● What you are asked to do
Using the listing below, set down exactly the lines starting at the line that contains "Back view of" and ending at the line that contains "Cadmori King Upholstered", both included, and no others.

● Information supplied
= = =

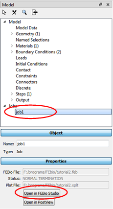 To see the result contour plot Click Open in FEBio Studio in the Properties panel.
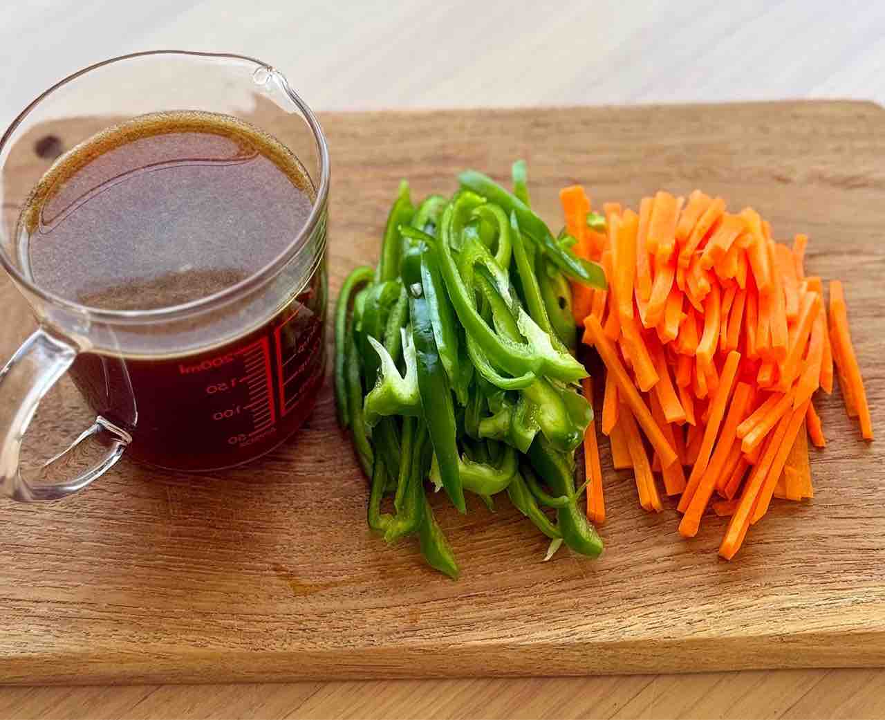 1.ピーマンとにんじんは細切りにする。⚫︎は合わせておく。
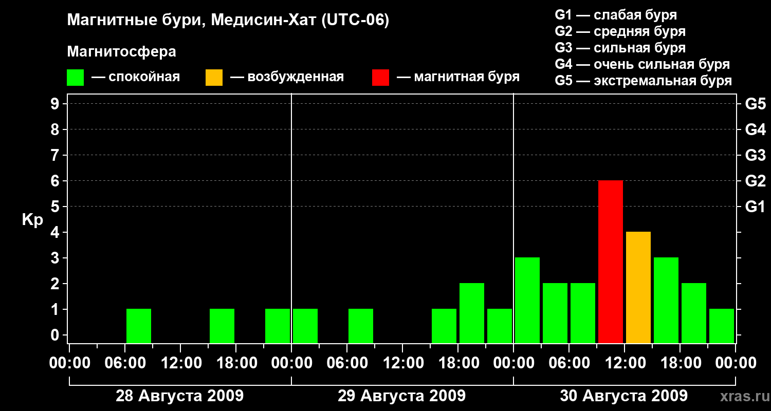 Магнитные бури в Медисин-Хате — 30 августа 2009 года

= = =

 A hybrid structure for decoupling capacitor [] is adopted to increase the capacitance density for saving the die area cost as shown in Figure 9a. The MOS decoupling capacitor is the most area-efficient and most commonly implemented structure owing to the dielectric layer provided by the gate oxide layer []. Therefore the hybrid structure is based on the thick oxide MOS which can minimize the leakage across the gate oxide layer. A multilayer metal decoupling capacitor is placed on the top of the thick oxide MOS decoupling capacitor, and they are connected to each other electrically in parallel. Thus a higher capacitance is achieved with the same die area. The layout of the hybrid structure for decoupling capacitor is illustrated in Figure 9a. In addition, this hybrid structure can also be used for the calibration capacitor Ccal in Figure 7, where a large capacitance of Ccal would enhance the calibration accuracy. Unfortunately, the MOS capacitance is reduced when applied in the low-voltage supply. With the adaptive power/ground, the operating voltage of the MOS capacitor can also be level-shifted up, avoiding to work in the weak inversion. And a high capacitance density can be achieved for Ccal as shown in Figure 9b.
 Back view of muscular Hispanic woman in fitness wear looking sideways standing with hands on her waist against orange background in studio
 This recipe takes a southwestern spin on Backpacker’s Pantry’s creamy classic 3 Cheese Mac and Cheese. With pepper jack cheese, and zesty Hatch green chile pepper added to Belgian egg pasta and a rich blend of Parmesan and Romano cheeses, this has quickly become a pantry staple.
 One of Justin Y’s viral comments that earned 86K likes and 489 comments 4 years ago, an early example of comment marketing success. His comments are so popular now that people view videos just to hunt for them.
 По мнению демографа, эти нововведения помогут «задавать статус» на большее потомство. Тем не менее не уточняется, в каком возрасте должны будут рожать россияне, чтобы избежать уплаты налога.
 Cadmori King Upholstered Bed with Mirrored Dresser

= = =

● Written solution
 Back view of muscular Hispanic woman in fitness wear looking sideways standing with hands on her waist against orange background in studio
 This recipe takes a southwestern spin on Backpacker’s Pantry’s creamy classic 3 Cheese Mac and Cheese. With pepper jack cheese, and zesty Hatch green chile pepper added to Belgian egg pasta and a rich blend of Parmesan and Romano cheeses, this has quickly become a pantry staple.
 One of Justin Y’s viral comments that earned 86K likes and 489 comments 4 years ago, an early example of comment marketing success. His comments are so popular now that people view videos just to hunt for them.
 По мнению демографа, эти нововведения помогут «задавать статус» на большее потомство. Тем не менее не уточняется, в каком возрасте должны будут рожать россияне, чтобы избежать уплаты налога.
 Cadmori King Upholstered Bed with Mirrored Dresser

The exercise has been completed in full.